As per the description, they simply created a domain and utilized it to hijack a DNSaaS provider’s nameserver (in this instance, Amazon Route 53), permitting them to eavesdrop on dynamic DNS traffic streaming from Route 53 users’ networks. 

The Wiz researchers stated, “We found a simple loophole that allowed us to intercept a portion of worldwide dynamic DNS traffic going through managed DNS providers like Amazon and Google,” 

“The dynamic DNS traffic we ‘wiretapped’ came from over 15,000 organizations, including Fortune 500 companies, 45 U.S. government agencies, and 85 international government agencies.” 

Employee/computer identities and locations and extremely sensitive data about organizations’ infrastructure, such as Internet-exposed network equipment, were among the data they acquired this way. 

In one instance, the researchers used network data from 40,000 corporate endpoints to trace the office locations of one of the world’s major services companies.
The information gathered in this manner would make it much simpler for threat actors to compromise an organization’s network since it would offer them a bird’s eye perspective of what’s going on within corporations and governments and provide them with “nation-state level surveillance capacity.” 

The researchers haven’t found any indication that the DNS flaw they identified has ever been exploited in the open, but they do warn that anybody with the expertise of the vulnerabilities and the abilities to exploit it might have gathered data undiscovered for over a decade. 

“The impact is huge. Out of six major DNSaaS providers we examined, three were vulnerable to nameserver registration. Any cloud provider, domain registrar, and website host who provides DNSaaS could be vulnerable,” they added at Black Hat. 

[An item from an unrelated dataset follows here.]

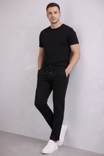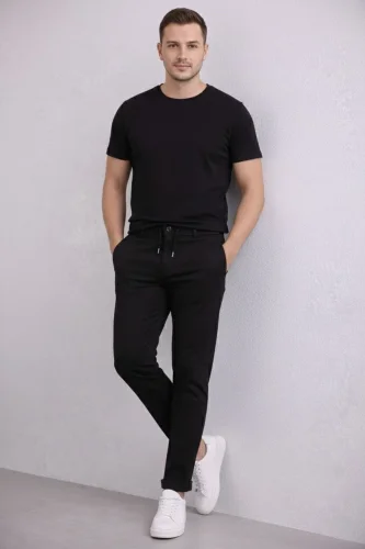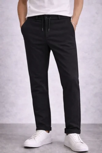 • Erkek Diagonel Mikro dokulu Duble Paça Cepli Pantolon Bağcıklı Bel Modern Kesim Siyah

Patched by some, likely to affect others: 

Although two significant DNS providers (Google and Amazon) have already patched these DNS vulnerabilities, others are still likely prone, potentially exposing millions of devices to attacks. 

Moreover, it is unclear who is responsible for fixing this serious DNS flaw. Microsoft has previously informed Wiz that this is not a vulnerability since it could alter the dynamic DNS mechanism that permits Windows endpoints to leak internal network traffic to rogue DNS servers. 

Microsoft explained, this flaw as “a known misconfiguration that occurs when an organization works with external DNS resolvers.” 

To minimize DNS conflicts and network difficulties, Redmond recommends utilizing distinct DNS names and zones for internal and external hosts and provides extensive guidance on how to correctly handle DNS dynamic updates in Windows. 

Maintained DNS providers can mitigate nameserver hijacking by adhering to the RFC’s “reserved names” specification and checking and confirming domain ownership and validity before enabling their customers to register them.
Companies renting DNS servers can also modify the default Start-of-Authority (SOA) record to stop internal network traffic from leaking via dynamic DNS updates.